# AIM OF THE TASK
The exercise calls for the lines from the one containing "where in both" to the end of the data below to be output exactly, pictures excluded.

# COLLECTED MATERIAL

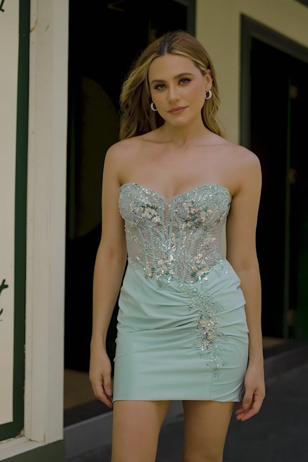 Sparkly Grey Green Bodycon Strapless Short Graduation Dress with Lace Up Back
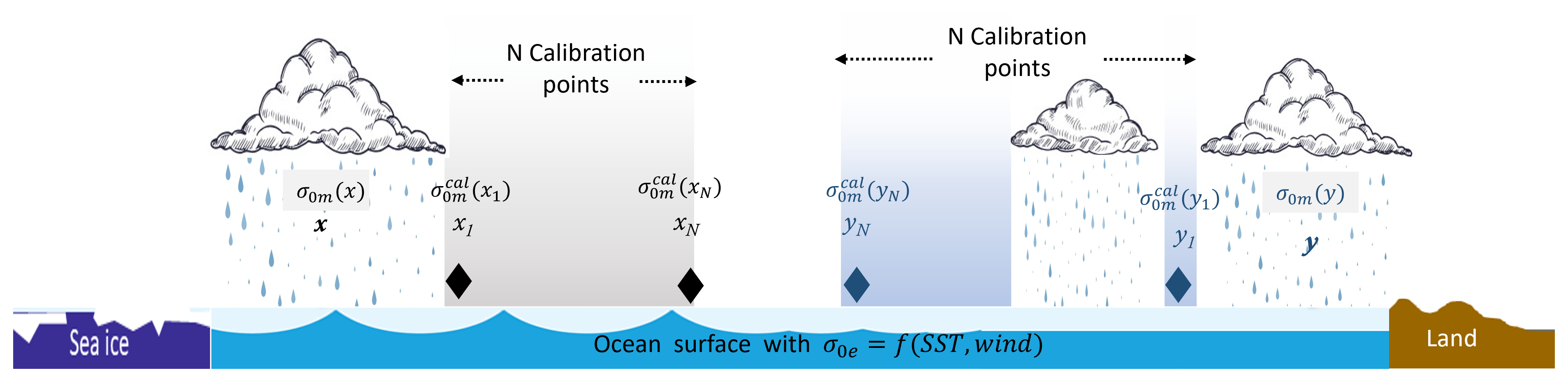 where in both Eqs. (5) and (6) and (respectively) represent two ways to estimate the NRCS that would be measured at x in the absence of hydrometeors (but with the presence of gases).
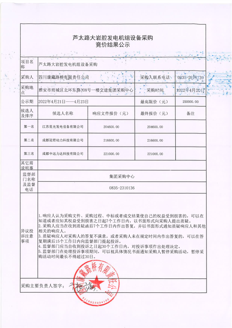 四川康藏路桥有限责任公司芦太路大岩腔发电机组设备采购竞价结果公示

# WORKED SOLUTION
 where in both Eqs. (5) and (6) and (respectively) represent two ways to estimate the NRCS that would be measured at x in the absence of hydrometeors (but with the presence of gases).
 四川康藏路桥有限责任公司芦太路大岩腔发电机组设备采购竞价结果公示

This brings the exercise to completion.